Los espíritus son creados
antes que los cuerpos, penetrando en ellos de la misma forma
en que penetra el fuego en el carbón, o el agua en el palo
mojado.”
Yo digo: estas
esencias o sustancias colocadas en los recipientes son
“sutileza señorial iláhica”, y son las que se desarrollan y
evolucionan, y la diferencia entre sus nombres se debe a la
diferencia en sus desarrollos o evoluciones, tal como dijo
as-Sahlî, pero Allah sabe más.
La existencia de los espíritus es un acontecimiento temporal
del que se ocupa la gente de la discriminación, mientras que
para la gente de la síntesis ya no existe acontecimiento
temporal para ellos por haberse extinguido los universos de
su mirada.
Al-Yunaîd ha dicho: “Si se
junta lo accidental con lo Eterno, lo primero se desvanece y
permanece lo Eterno”.
Le pregunté a algunos de
nuestro hermanos sabios: “¿Son los espíritus algo accidental
, o bien son eternos?”, y respondieron: “Las formas (ashbâh)
son para ellos eternas”, ludiendo al estado de fanâ
(extinción) tal como hemos explicado previamente, pero esto
es un secreto guardado.
AN-NASR WA AT-TÂ-YÎD WA AL-‘ISMA
An-Nasr es la
fuerza de los cuerpos en la disposición para la realización
del bien, y at-Tâ-yîd es la fuerza de la visión interna,
pues el móvil interior es “tâ-yîd”, y la fuerza corporal (¿)

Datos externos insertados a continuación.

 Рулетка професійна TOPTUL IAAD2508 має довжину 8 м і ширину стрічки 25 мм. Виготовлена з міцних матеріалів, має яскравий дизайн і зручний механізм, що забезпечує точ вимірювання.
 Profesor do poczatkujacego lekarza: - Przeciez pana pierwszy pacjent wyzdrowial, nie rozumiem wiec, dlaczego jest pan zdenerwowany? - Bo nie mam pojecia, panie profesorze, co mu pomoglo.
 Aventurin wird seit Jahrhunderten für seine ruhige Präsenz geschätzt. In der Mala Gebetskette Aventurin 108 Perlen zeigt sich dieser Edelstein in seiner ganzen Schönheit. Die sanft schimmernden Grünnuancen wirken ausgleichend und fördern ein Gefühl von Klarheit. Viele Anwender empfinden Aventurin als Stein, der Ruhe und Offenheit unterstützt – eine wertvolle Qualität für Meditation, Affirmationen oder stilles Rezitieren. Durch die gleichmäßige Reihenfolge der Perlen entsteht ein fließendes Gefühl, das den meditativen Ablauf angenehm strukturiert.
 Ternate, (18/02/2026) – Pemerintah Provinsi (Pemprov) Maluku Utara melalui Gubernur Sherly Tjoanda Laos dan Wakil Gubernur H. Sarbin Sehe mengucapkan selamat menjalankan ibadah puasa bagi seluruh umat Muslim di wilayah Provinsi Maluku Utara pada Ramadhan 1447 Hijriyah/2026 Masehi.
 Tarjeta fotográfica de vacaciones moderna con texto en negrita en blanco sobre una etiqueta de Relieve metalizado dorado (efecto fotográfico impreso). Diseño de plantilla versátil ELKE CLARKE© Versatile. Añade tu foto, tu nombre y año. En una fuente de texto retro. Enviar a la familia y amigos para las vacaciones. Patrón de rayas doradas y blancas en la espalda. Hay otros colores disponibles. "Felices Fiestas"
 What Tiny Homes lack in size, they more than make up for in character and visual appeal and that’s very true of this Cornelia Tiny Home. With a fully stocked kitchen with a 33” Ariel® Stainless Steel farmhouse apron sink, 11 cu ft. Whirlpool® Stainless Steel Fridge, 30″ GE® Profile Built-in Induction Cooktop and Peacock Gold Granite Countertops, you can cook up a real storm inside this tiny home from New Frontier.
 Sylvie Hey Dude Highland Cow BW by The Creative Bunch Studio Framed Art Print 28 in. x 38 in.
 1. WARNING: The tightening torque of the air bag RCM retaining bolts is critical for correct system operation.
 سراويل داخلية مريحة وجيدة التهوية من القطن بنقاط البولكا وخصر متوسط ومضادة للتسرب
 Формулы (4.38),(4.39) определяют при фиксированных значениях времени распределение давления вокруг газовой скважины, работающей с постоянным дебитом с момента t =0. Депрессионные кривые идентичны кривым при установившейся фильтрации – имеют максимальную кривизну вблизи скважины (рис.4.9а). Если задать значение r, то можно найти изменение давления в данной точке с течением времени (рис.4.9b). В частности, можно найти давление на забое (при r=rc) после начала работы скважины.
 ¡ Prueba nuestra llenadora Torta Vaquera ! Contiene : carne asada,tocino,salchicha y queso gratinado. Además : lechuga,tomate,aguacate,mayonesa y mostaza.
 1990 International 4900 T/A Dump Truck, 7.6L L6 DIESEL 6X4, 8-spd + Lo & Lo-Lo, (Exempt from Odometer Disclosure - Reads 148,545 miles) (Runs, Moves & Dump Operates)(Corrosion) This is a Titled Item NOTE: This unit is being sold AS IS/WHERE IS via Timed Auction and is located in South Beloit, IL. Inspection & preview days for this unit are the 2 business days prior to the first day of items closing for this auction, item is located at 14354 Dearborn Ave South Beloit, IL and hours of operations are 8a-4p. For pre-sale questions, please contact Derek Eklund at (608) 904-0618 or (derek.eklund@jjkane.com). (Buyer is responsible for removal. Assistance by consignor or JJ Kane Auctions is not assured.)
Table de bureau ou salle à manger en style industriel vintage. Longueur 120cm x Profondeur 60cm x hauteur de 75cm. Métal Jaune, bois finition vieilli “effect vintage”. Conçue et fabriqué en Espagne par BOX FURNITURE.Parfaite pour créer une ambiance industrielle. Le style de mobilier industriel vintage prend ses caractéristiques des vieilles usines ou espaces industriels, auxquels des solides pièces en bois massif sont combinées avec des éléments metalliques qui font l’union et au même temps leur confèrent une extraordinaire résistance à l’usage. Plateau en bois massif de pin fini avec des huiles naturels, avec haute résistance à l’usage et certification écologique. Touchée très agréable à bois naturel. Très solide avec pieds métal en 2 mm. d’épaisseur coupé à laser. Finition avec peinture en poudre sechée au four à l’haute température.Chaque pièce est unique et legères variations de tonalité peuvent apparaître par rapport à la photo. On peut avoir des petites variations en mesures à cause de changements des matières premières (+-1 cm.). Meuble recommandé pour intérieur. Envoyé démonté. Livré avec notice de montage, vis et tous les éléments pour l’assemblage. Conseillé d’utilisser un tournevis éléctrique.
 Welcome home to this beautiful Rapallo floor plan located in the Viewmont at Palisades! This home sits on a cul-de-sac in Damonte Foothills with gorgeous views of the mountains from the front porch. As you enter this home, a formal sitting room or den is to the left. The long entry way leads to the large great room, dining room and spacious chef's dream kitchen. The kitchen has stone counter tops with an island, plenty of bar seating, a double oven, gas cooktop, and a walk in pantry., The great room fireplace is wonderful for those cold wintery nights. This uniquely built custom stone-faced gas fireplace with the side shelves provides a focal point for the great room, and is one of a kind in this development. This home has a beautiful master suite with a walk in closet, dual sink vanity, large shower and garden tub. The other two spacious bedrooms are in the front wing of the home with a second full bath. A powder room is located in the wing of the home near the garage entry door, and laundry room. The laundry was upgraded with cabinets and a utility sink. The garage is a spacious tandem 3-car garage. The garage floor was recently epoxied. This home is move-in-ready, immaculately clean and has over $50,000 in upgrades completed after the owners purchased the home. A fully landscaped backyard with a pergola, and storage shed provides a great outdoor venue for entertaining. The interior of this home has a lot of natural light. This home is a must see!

y la ayuda de las causas externas recibe el nombre de “nasr”,
y la conjunción de ambas es la “hidâya”, dirección, guía,
cuyo resultado es la “basîra”, visión interna,
poseedora de la ciencia reveladora, capaz de penetrar en la
realidad de algo; y el “rushd”, rectitud, cuyo efecto es
orientar a la voluntad en la dirección de la ayuda; y la
acción correcta, “tasdîd”, cuyo efecto es el empleo de la
potencia, “qudra”, en la dirección de los movimientos
requeridos para la consecución del fin buscado.
Al-‘isma: es una
expresión que hace referencia a la excelencia “iláhica”
depositada en el interior del hombre que posibilita al
hombre en la búsqueda del bien y le aleja del mal, hasta que
llega a ser como el artesano o fabricante en su interior
gaîr mahsûs.
Al-Gaçâlî ha dicho que hay
seis realidades: 1) al-hidâya (dirección, guía), 2) ar-rushd
(rectitud), 3) al-‘isma (infalibilidad), 4) at-tasdîd
(acción correcta), 5) an-nasr (el triunfo), y 6) at-tâ-yîd.
He aprendido todas ellas de los escritos de al-Gaçâlî (r.a.).
En resumen:
al-hidâya es la rectificación del
siervo en su camino para el encuentro con la Verdad, wa qad
tatliq ‘alà bayânaha faqat.
ar-rush
es la orientación del corazón al camino de la felicidad.
at-tasdîd es la fuerza o
potencia para encaminarse en la consecución del bien y para
el alejamiento del mal.
al-‘isma es
la excelencia iláhica.
AL-HIKMA
Con este término se
hace referencia al dominio y maestría en una cosa, y en la
ciencia tiene el sentido de comprobación, verificación y
trabajo con aquello verificado, y en el qawl significa
concisión, precisión, y aumento de su significado, y en la
técnica tiene el matiz de maestría y perfección.
Se ha dicho la sabiduría ha
descendido en tres grupos o aspectos: 1) en la lengua de los
árabes, 2) en las manos de los chinos y 3) en la
inteligencia de los griegos. Pero Allah (t.) sabe más.